From what has been said, it is clear that "world" in the language of Orthodox asceticism does not mean nature, not the empirical world, not God's creations, but a certain category of negative spirituality. The creature itself is not suspected. There are many stories about the love of ascetics for creatures, for nature, for animals. Orthodox asceticism is characterized by a joyful acceptance of the creature with love and great reverence.

This reverence for and acceptance of the created world makes a significant correction in the use of words. "The world" means not only the totality of passions and the arena of sin, but first of all the creation of God, and it must be remembered that this creation is "very good." The created world is a reflection of another uncreated plane, according to which the Creator created this cosmos that surrounds us. The richest Greek language was content with the same term "cosmos" to denote both "peace" and "beauty." This divine structure of the world, the reflection in it of a reality other than empirical, provides the richest material for the so-called "symbolic realism" of the Holy Fathers, and hence abundant means for deepening into oneself and into the contemplation of this world. Only a creature of divine origin is capable of being sanctified and transfigured. If the world were evil in itself, it would mean that it is the creation of an evil inclination. But evil, as St. Maximus the Confessor teaches, "is not in the nature of creatures, but in the irrational and sinful use of them."
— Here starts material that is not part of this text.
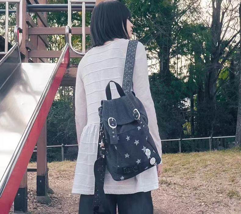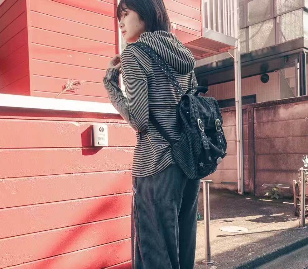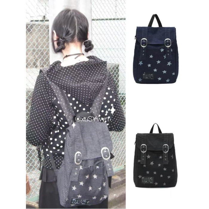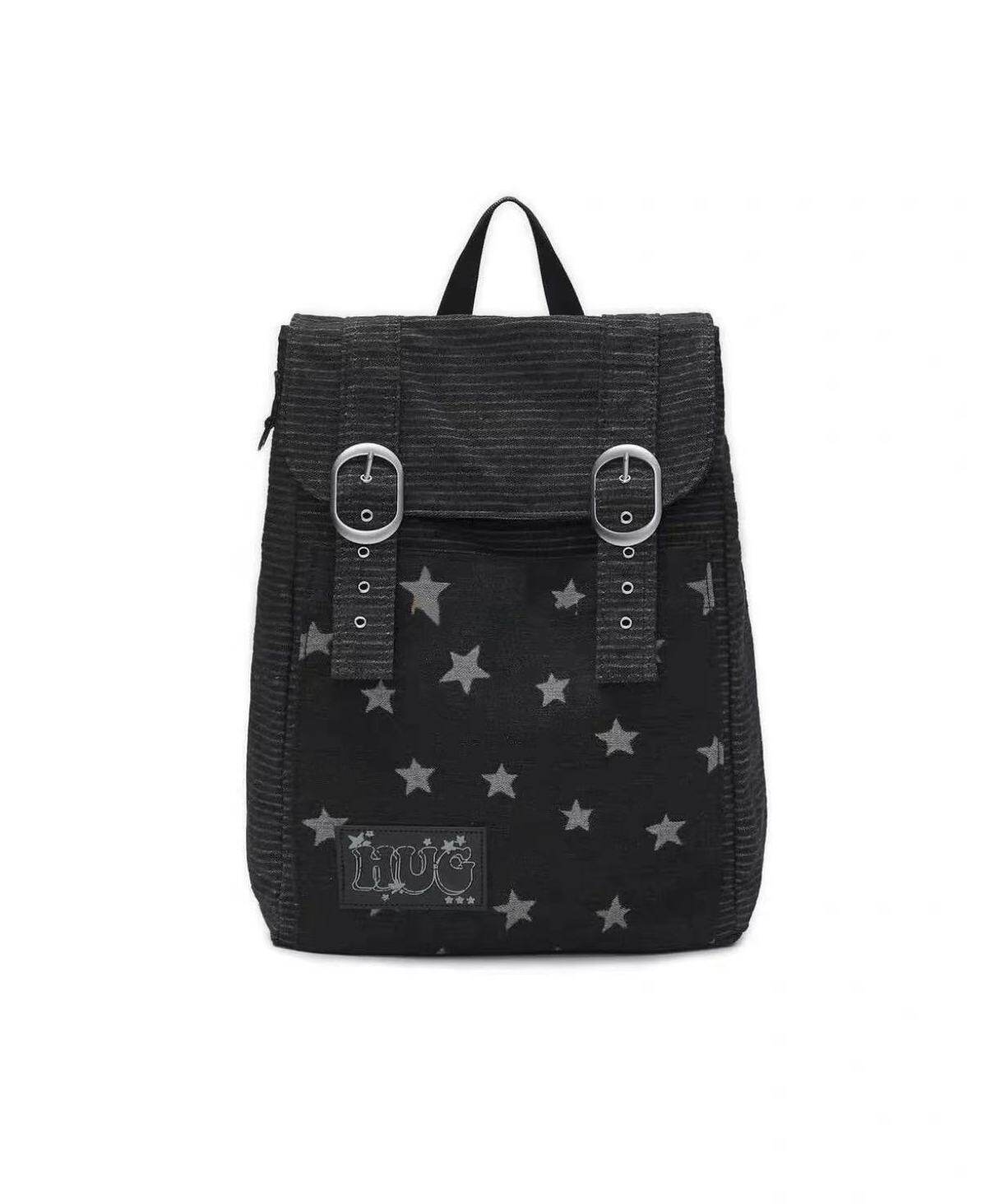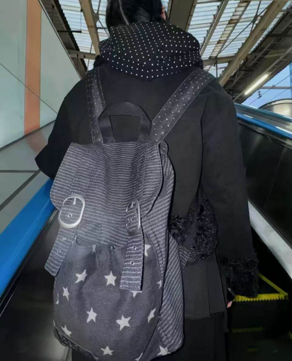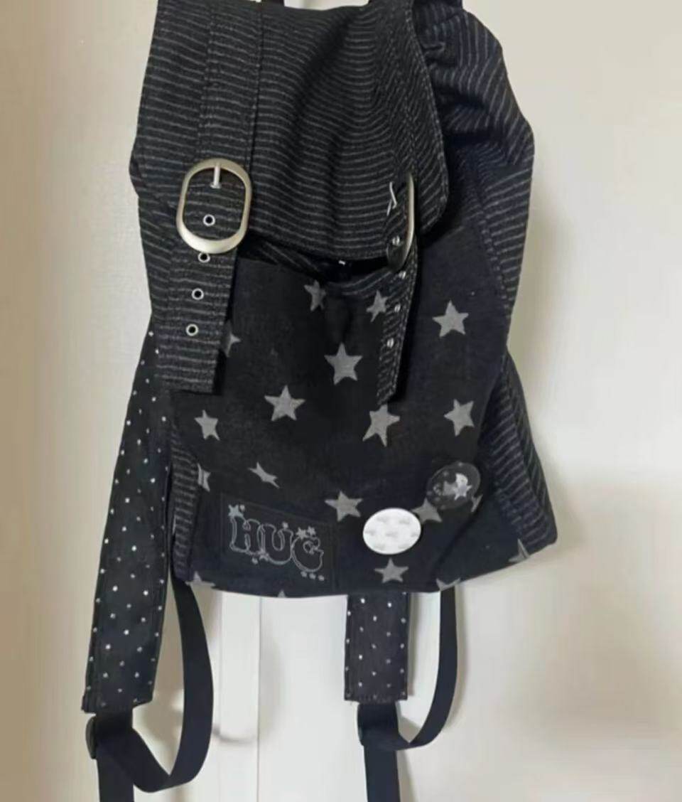 hugyourskin韓國小衆女包25春Y2K波點條紋星星牛仔雙肩包書包後後背包

It is necessary to draw from Orthodox dogmatics quite full-blooded and sober conclusions. It is necessary to stop taking under suspicion that which God has not taken under suspicion, that which God has not abhorred. It is impossible to dogmatically confess the Chalcedonian Creed about the perception of human nature by God and at the same time to be a Manichaean, a Bogomil or a Skopets in life and in one's worldview. Christianity defeated the Monophysites dogmatically, but, in the correct words of a Western historian, it did not overcome the well-known "psychological Monophysitism." This abhorrence of man and the world as a creature of God very subtly and firmly envelops asceticism, liturgics, everyday life and ethics of the Christian. First of all, the pastor must understand this and oppose it in every possible way. It is necessary always to bear in mind the decrees of the Council of The Hague, which condemn immoderate asceticism and pseudo-pious Puritanism, which have no place even in a sober Orthodox worldview. This should be the cosmological basis for pastoral care.